This was our first week of the 2022-2023 school year, and it was incredible! We started with a whole-school assembly attended by students, staff, and many of the seniors’ parents. We introduced the Class of 23 and talked to them about the year to come and our general excitement to have them back on campus as an entire high school. From there, we went through the first days of classes, which for me primarily consisted of visiting different classrooms to say hello to students in smaller groups, welcome them back, and again share how excited we all are to be back together. Of course, there were meetings here and there, but the goal of the week was to be present.
Of course, it wasn’t perfect. We started the first day with no Wifi on our campus, and though this was quickly resolved it gave everyone a bit of a scare at the very beginning of the day. Our scheduling system had several glitches in the upload of student schedules and we (Michelle and Raquel mostly) spent the first day working through those issues. Our master schedule somehow included an overlap of high school and elementary school recesses, meaning our youngest and oldest students were left sharing spaces for 20 minutes and that’s something we’re still working on as I write this.

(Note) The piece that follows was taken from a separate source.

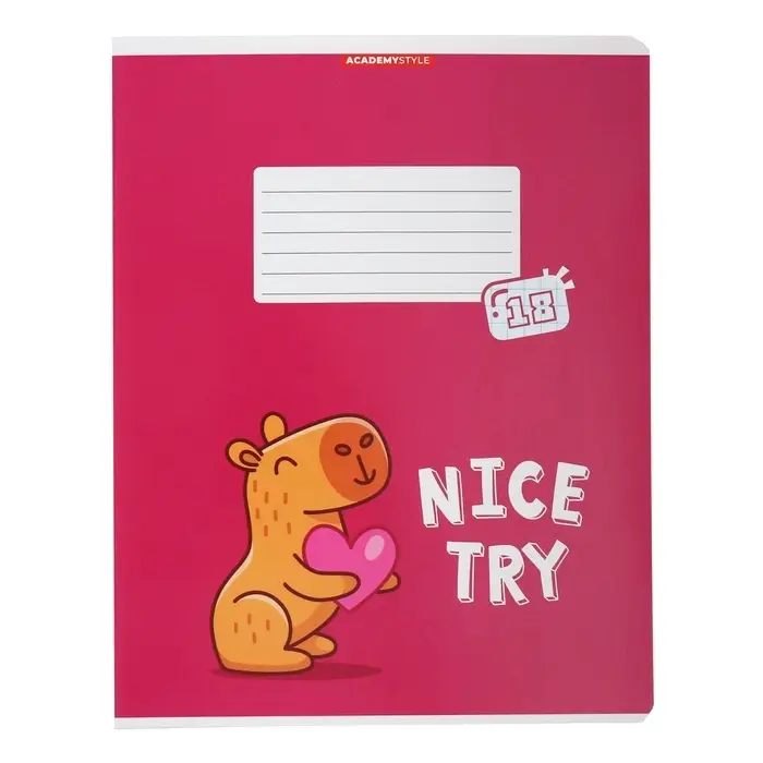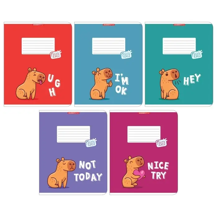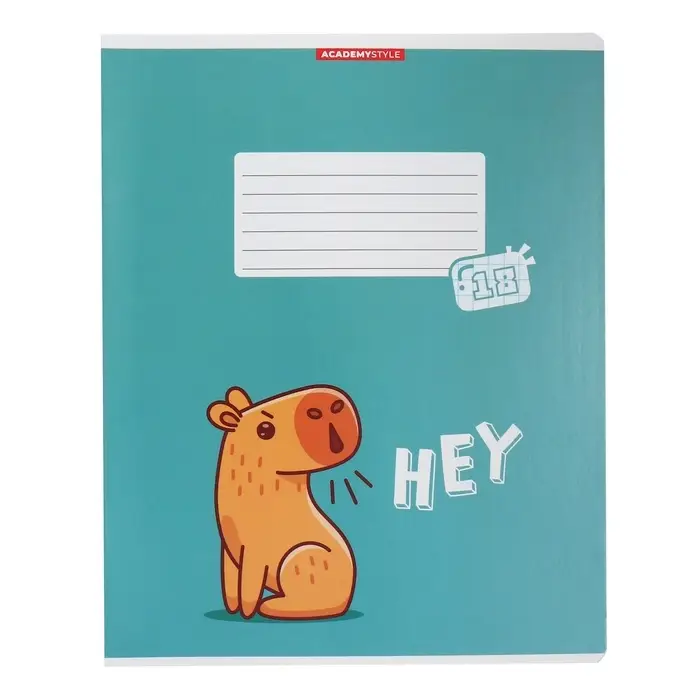 Тетрадь 18 листов в клетку "Капибара", обложка мелованный картон, ВД-лак, блок 60 г/м2, 5 видов, МИКС

I’m sure we could list a few more “issues” if we tried, but the point is this…our students came back to Lincoln this week excited to be here. They celebrated being back together and in school, met one another and their teachers, and even learned a few things along the way. Yes, it wasn’t perfect, but nothing ever is and it was an absolute joy to watch our students’ excitement to be back in school.
I think there’s an important lesson/strategy to be learned here which is this: our attitude informs our reality. If we focus on the positive, we not only see the positive but also create more positivity. It’s a sort of self-fulfilling prophecy. This is not to say we should ignore issues when they arise; of course we should acknowledge and address hiccups in the system. That’s how the good get better and the better get best. But instead of making problems our primary focus, or allowing them to dominate our perception, we should keep them in perspective.
So our school-wide strategy for the first week of August is this: try an attitude of gratitude. Name the things you’re thankful for, that go right, that work. We’re asking our teachers to try doing this each day and to ask their students to do the same, either before or at the end of class, even if they do so silently and keep their answers to themselves. As a community we’d like to see what difference, if any, a little positivity makes.